==== SUPPLIED MATERIAL ====

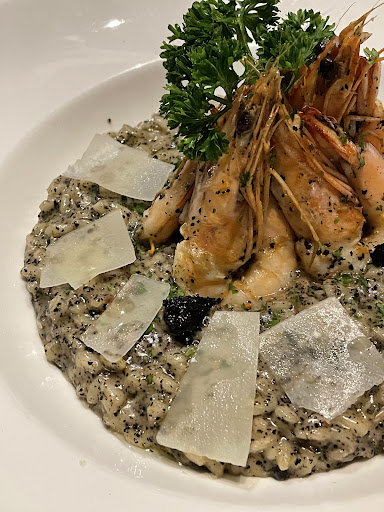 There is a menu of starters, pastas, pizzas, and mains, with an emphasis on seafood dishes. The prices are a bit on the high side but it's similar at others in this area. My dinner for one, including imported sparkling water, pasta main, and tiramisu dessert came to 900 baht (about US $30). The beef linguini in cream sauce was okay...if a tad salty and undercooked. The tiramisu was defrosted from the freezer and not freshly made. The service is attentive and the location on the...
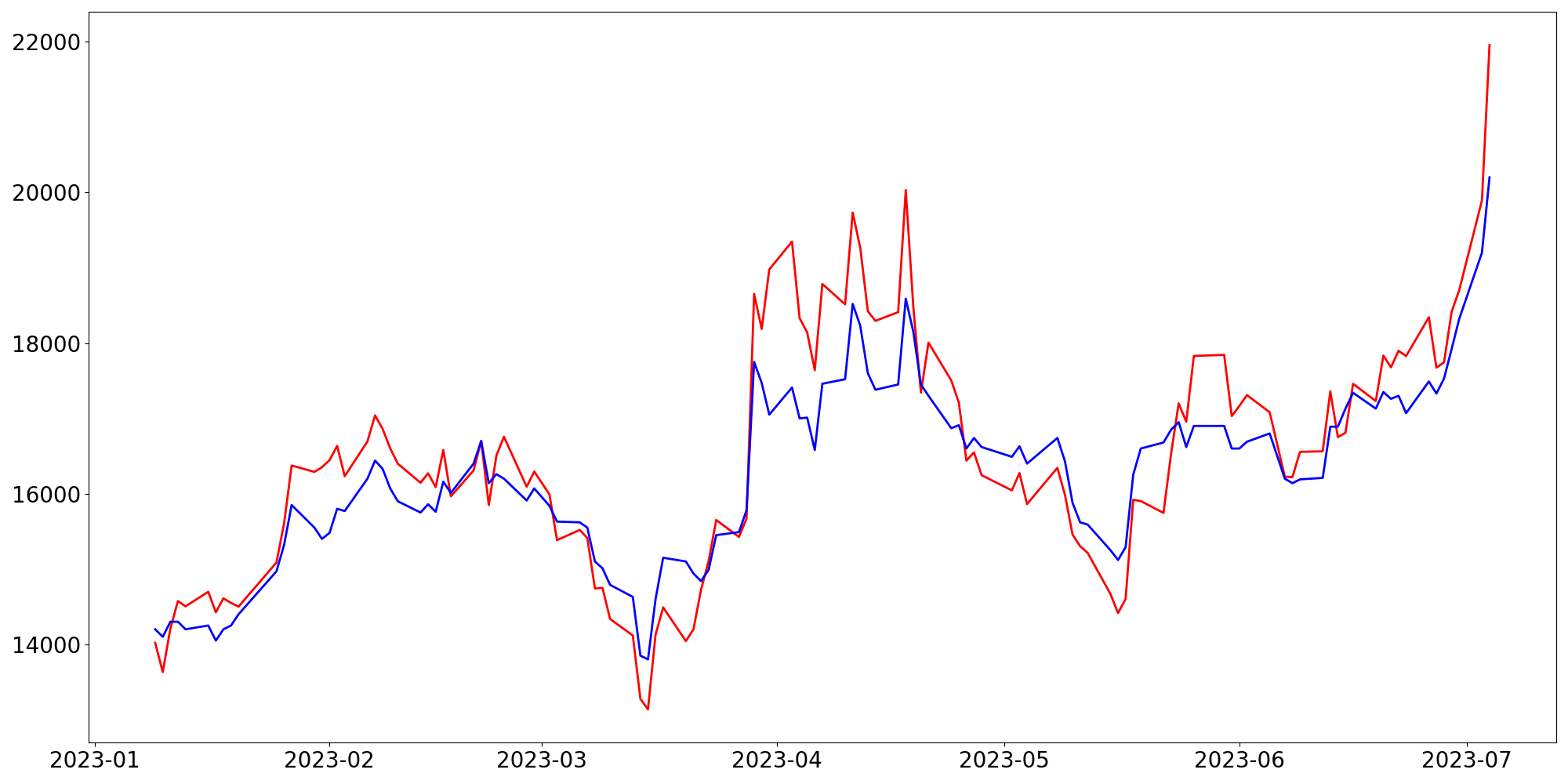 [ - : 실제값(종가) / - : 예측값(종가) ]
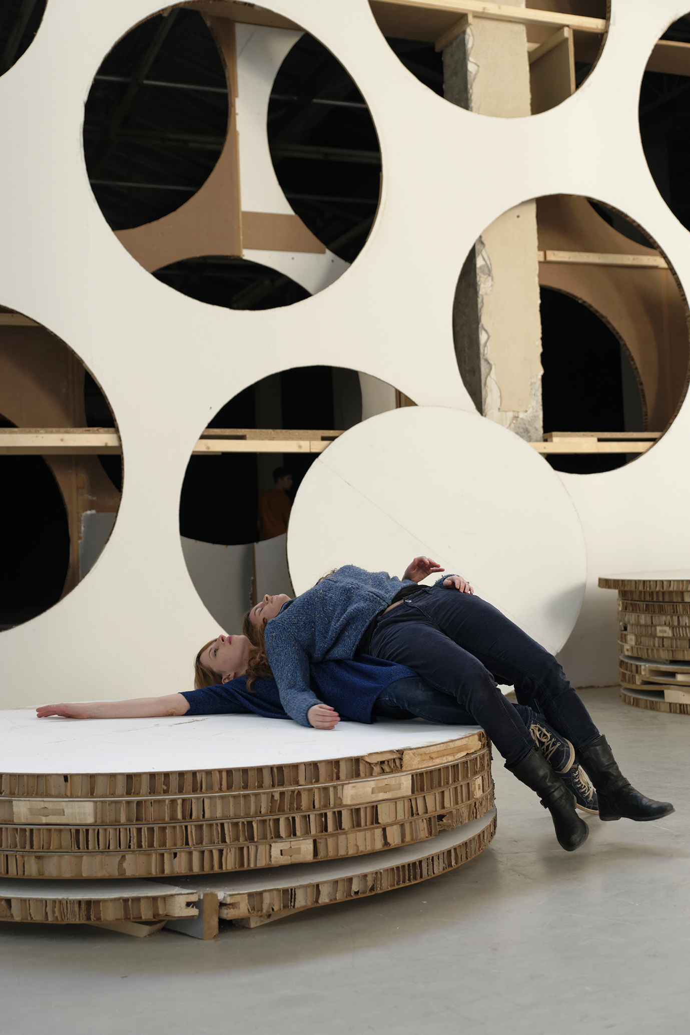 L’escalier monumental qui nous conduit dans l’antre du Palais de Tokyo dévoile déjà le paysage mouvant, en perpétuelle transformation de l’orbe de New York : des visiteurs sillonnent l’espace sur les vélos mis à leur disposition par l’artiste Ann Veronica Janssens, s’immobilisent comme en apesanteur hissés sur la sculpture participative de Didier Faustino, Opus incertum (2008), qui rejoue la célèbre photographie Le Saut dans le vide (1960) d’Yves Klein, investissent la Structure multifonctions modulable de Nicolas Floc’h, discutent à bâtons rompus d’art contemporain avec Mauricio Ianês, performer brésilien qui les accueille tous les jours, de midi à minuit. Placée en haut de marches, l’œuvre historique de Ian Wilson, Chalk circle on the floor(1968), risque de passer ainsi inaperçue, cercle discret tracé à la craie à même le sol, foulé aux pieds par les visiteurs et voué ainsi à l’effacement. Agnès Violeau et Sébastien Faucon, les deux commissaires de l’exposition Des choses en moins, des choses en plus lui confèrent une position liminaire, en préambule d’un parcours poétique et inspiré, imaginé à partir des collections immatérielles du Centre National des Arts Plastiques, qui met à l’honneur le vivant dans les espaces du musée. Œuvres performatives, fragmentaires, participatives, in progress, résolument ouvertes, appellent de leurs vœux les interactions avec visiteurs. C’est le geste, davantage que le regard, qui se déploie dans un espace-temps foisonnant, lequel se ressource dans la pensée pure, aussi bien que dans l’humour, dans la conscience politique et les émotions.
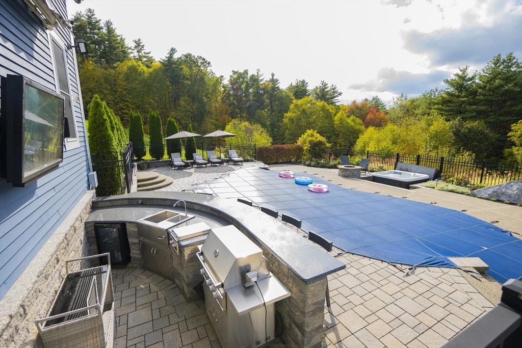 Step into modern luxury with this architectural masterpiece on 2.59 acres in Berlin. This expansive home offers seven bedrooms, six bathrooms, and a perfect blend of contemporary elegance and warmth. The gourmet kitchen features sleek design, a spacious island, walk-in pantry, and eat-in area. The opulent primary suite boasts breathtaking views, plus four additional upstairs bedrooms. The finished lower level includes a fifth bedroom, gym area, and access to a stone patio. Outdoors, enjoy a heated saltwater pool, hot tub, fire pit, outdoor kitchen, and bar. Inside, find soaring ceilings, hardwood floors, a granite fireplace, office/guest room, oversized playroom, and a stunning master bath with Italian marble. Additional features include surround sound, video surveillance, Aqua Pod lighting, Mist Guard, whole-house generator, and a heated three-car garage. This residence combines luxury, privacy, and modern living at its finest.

====

ASSIGNMENT:
Copy all of the material word for word, and include none of its pictures.

RESPONSE BOX:
 There is a menu of starters, pastas, pizzas, and mains, with an emphasis on seafood dishes. The prices are a bit on the high side but it's similar at others in this area. My dinner for one, including imported sparkling water, pasta main, and tiramisu dessert came to 900 baht (about US $30). The beef linguini in cream sauce was okay...if a tad salty and undercooked. The tiramisu was defrosted from the freezer and not freshly made. The service is attentive and the location on the...
 [ - : 실제값(종가) / - : 예측값(종가) ]
 L’escalier monumental qui nous conduit dans l’antre du Palais de Tokyo dévoile déjà le paysage mouvant, en perpétuelle transformation de l’orbe de New York : des visiteurs sillonnent l’espace sur les vélos mis à leur disposition par l’artiste Ann Veronica Janssens, s’immobilisent comme en apesanteur hissés sur la sculpture participative de Didier Faustino, Opus incertum (2008), qui rejoue la célèbre photographie Le Saut dans le vide (1960) d’Yves Klein, investissent la Structure multifonctions modulable de Nicolas Floc’h, discutent à bâtons rompus d’art contemporain avec Mauricio Ianês, performer brésilien qui les accueille tous les jours, de midi à minuit. Placée en haut de marches, l’œuvre historique de Ian Wilson, Chalk circle on the floor(1968), risque de passer ainsi inaperçue, cercle discret tracé à la craie à même le sol, foulé aux pieds par les visiteurs et voué ainsi à l’effacement. Agnès Violeau et Sébastien Faucon, les deux commissaires de l’exposition Des choses en moins, des choses en plus lui confèrent une position liminaire, en préambule d’un parcours poétique et inspiré, imaginé à partir des collections immatérielles du Centre National des Arts Plastiques, qui met à l’honneur le vivant dans les espaces du musée. Œuvres performatives, fragmentaires, participatives, in progress, résolument ouvertes, appellent de leurs vœux les interactions avec visiteurs. C’est le geste, davantage que le regard, qui se déploie dans un espace-temps foisonnant, lequel se ressource dans la pensée pure, aussi bien que dans l’humour, dans la conscience politique et les émotions.
 Step into modern luxury with this architectural masterpiece on 2.59 acres in Berlin. This expansive home offers seven bedrooms, six bathrooms, and a perfect blend of contemporary elegance and warmth. The gourmet kitchen features sleek design, a spacious island, walk-in pantry, and eat-in area. The opulent primary suite boasts breathtaking views, plus four additional upstairs bedrooms. The finished lower level includes a fifth bedroom, gym area, and access to a stone patio. Outdoors, enjoy a heated saltwater pool, hot tub, fire pit, outdoor kitchen, and bar. Inside, find soaring ceilings, hardwood floors, a granite fireplace, office/guest room, oversized playroom, and a stunning master bath with Italian marble. Additional features include surround sound, video surveillance, Aqua Pod lighting, Mist Guard, whole-house generator, and a heated three-car garage. This residence combines luxury, privacy, and modern living at its finest.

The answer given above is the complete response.